=== Task details ===
Extract only the first line of the listing and every line after it up to and including the one with "短冊に願い事を書く園児". Omit the pictures.
======== Extracted entries ========
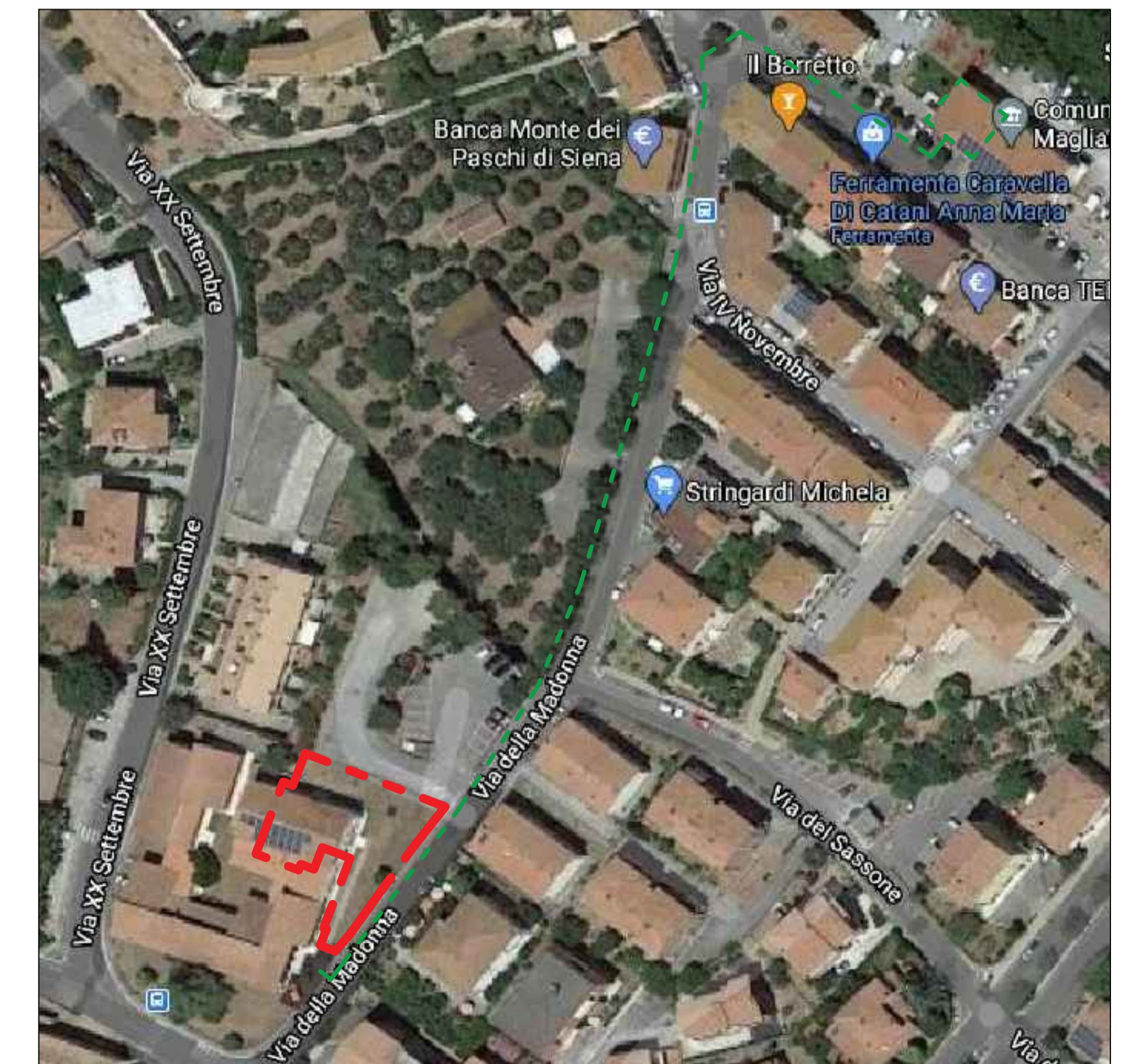
Indicazione del percorso per raggiungere l'area alternativa, da utilizzare in caso di maltempo - Scala 1:1000
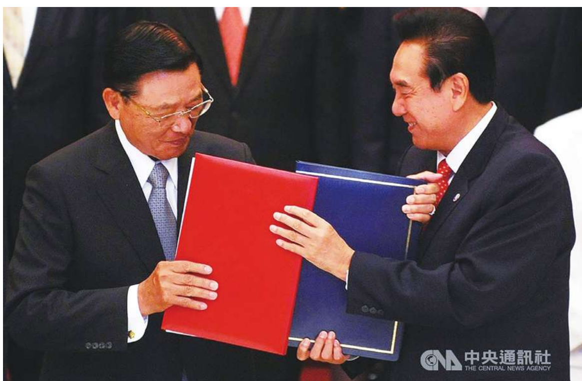
▲兩岸簽訂兩岸經濟合作架構協議 (ECFA) 已經超過十年，有總統候選人提出重新協商的訴求。

淡江大學財金系教授李沃牆也抱持同樣的意見表示，國際經貿協定對台灣來說非常重要，因為我國 65% 以上的 GDP 還是靠出口，所以三位候選人都有提出相關的政見。然而，他強調，最困難的部分還是中國阻擾，所以如果我國與中國
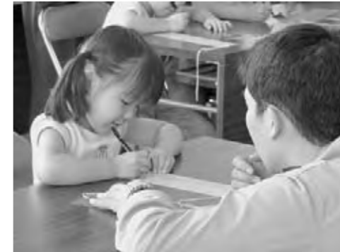
短冊に願い事を書く園児
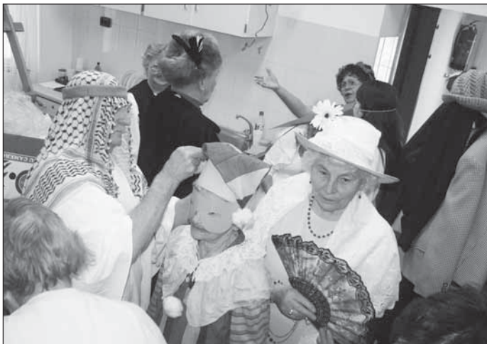
A jelmezek igazítása
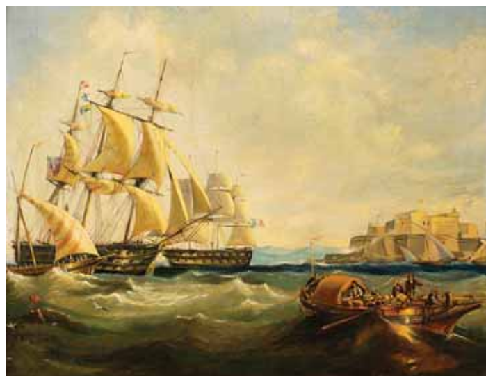
476 "MALTA VISTA DO MAR", óleo sobre tela, escola inglesa, séc. XIX Dim. - 40 x 50 cm € 1.500 - 2.250
========
=== The completed task ===
Indicazione del percorso per raggiungere l'area alternativa, da utilizzare in caso di maltempo - Scala 1:1000
▲兩岸簽訂兩岸經濟合作架構協議 (ECFA) 已經超過十年，有總統候選人提出重新協商的訴求。

淡江大學財金系教授李沃牆也抱持同樣的意見表示，國際經貿協定對台灣來說非常重要，因為我國 65% 以上的 GDP 還是靠出口，所以三位候選人都有提出相關的政見。然而，他強調，最困難的部分還是中國阻擾，所以如果我國與中國
短冊に願い事を書く園児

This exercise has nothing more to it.